▶ [Work request] Restate every line below word for word, but drop each picture.

▶ [Source data]
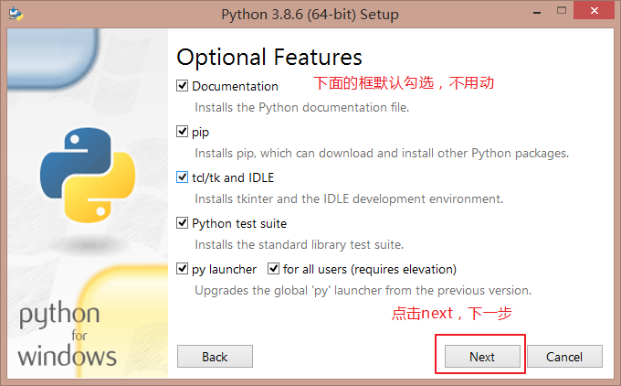 进入自定义安装界面,如下图所示。图中的勾选框默认勾选,不用动。点击next,下一步。
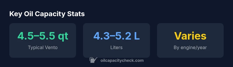Engine oil capacity is the total amount of oil the engine’s sump can hold when fully drained and filled to the proper level. For the VW Vento, capacity is not a single universal figure; it depends on engine displacement, configuration, and year of manufacture. The Oil Capacity Check Team emphasizes that small changes in the engine design—such as cylinder count, oil pan depth, and sump capacity—alter the total fill needed. For owners, this means you cannot rely on a single quoted number; you must check the exact specification for your powertrain. In practice, most Vento owners will work with a capacity window rather than a single fixed value, and you should always confirm with official VW documentation for your vehicle’s VIN.
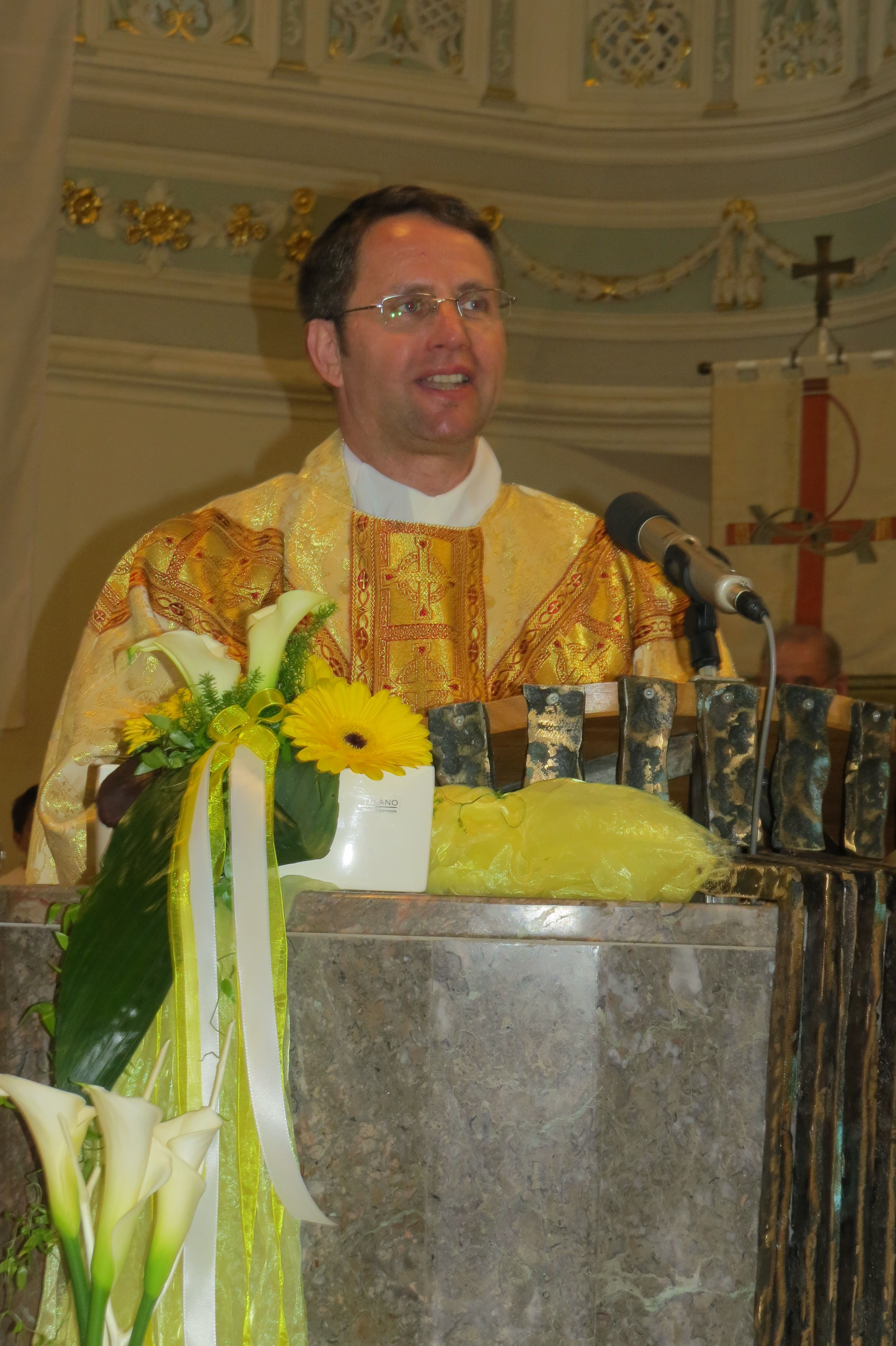 Der kleine Festakt wurde von der Musikkapelle unter Leitung von Markus Vollmer mit einem festlichen Musikstück eröffnet. Pfarrer Bonaventura Gerner dankte dem Neupriester für die erste Feier der Heiligen Messe mit seiner Heimatgemeinde. Das Zusammentreffen seiner Primiz mit dem »Sonntag vom guten Hirten« hätte nicht besser gewählt sein können. Priester sei man nicht für sich selbst, sondern immer für eine Gemeinde. Er wünschte dem künftigen Pfarrer, dass es ihm gelinge, die Tür zu den Menschen zu öffnen.

▶ [Answer for this exercise]
 进入自定义安装界面,如下图所示。图中的勾选框默认勾选,不用动。点击next,下一步。
Engine oil capacity is the total amount of oil the engine’s sump can hold when fully drained and filled to the proper level. For the VW Vento, capacity is not a single universal figure; it depends on engine displacement, configuration, and year of manufacture. The Oil Capacity Check Team emphasizes that small changes in the engine design—such as cylinder count, oil pan depth, and sump capacity—alter the total fill needed. For owners, this means you cannot rely on a single quoted number; you must check the exact specification for your powertrain. In practice, most Vento owners will work with a capacity window rather than a single fixed value, and you should always confirm with official VW documentation for your vehicle’s VIN.
 Der kleine Festakt wurde von der Musikkapelle unter Leitung von Markus Vollmer mit einem festlichen Musikstück eröffnet. Pfarrer Bonaventura Gerner dankte dem Neupriester für die erste Feier der Heiligen Messe mit seiner Heimatgemeinde. Das Zusammentreffen seiner Primiz mit dem »Sonntag vom guten Hirten« hätte nicht besser gewählt sein können. Priester sei man nicht für sich selbst, sondern immer für eine Gemeinde. Er wünschte dem künftigen Pfarrer, dass es ihm gelinge, die Tür zu den Menschen zu öffnen.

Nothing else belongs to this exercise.